Le choix d’Hiroshima et de Nagasaki les 6 et 9 août 1945

Dans deux jours sera commémoré le bombardement d’Hiroshima du 06 août 1945 : on peut s’attendre aux discours convenus d’usage et, de la part des autorités japonaises, à une nouvelle variation sur le thème « Le Japon, première victime de l’arme nucléaire » en bénéficiant de la « mauvaise conscience occidentale » … lesdites autorités se dispensant au passage d’assumer les responsabilités du Japon dans les innombrables crimes commis par ce pays pendant les guerres qu’il a menées depuis 1931.
Chaque année, la combinaison de la malhonnêteté cynique des uns et de l’ignorance de beaucoup d’autres – dont certains se permettent d’absoudre le Japon en oubliant que c’est d’abord aux victimes (Chinois, Coréens, etc.) et à leurs descendants d’en juger même s'ils ont rarement (eu) la parole – me met mal à l’aise : dans le texte qui suit, j’ai essayé de remettre les bombardements atomiques d’Hiroshima et de Nagasaki dans leur contexte historique, sans cacher qu’il s’agit néanmoins d’un cas de conscience particulièrement difficile : sur ces deux points notamment, je serais intéressé de connaître l’avis de personnes connaissant mieux le sujet car je ne suis qu’un amateur d’Histoire ayant un peu vécu.

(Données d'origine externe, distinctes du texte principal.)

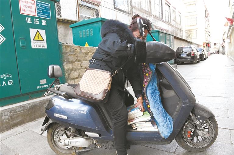 圖為城關(guān)區(qū)第二小學(xué)三年級(jí)(11)班班主任旦增色珍騎著電動(dòng)車(chē)把分類分揀好的教材送到學(xué)生家中。
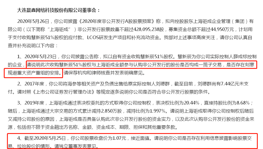 6月2日,公司回复表示,两项交易是独立的交易,并非一揽子交易;非公开发行股票并非仅为支付收购慧新辰股权的应付款。
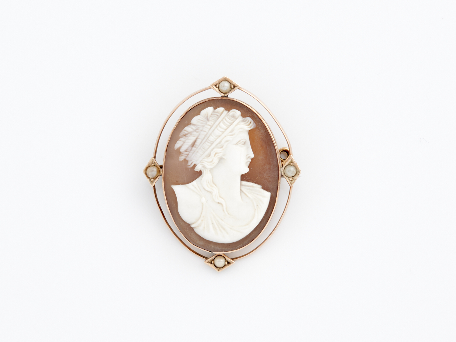 A CAMEO AND SEED PEARL BROOCH IN 9CT GOLD, 37MM X 30MM
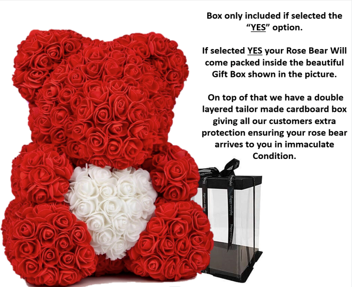 • If selected With gift box your Rose Bear Will come packed inside the beautiful Gift Box shown in the picture.

Lorsque je visitai le parc de la Paix à Hiroshima, prenant mon temps et étant un peu curieux, je remarquai dans un endroit assez écarté au bord d'une allée un modeste monument, colonne de section triangulaire de 2 m de haut environ : sur chaque face était gravé un texte, le même en 3 langues (anglais, coréen et japonais), la face la plus visible pour les passants de la colonne étant celle revêtue de la version en anglais, langue que – contrairement à ce qu'on croit souvent – un grand nombre de Japonais ne comprend pas ou mal : cette orientation ne doit rien au hasard.

Que dit en effet ce texte ? Que, parmi les victimes de la bombe, 10% étaient des Coréens souvent brutalement déportés et devant travailler dans des conditions atroces, etc. Le positionnement de ce monument révèle le minutieux souci des autorités japonaises d'occulter le terrible passé criminel de ce pays et fait partie de cette pénible mentalité « négationniste » contre laquelle une petite et très courageuse minorité se rebelle. Mais, exploitant cyniquement la mauvaise conscience des « Occidentaux » (cf. Le sanglot de l'Homme blanc, livre essentiel de Pascal Bruckner sur les dérives du tiers-mondisme), le Japon entretient cette vision unilatérale de l'Histoire et, avec la complicité objective des bonnes âmes « occidentales », maintient l’oubli sur les atroces souffrances et morts de millions de victimes des crimes nippons dont la mémoire est peu défendue par des gouvernements souvent dictatoriaux, cyniques ou dépendant économiquement du Japon.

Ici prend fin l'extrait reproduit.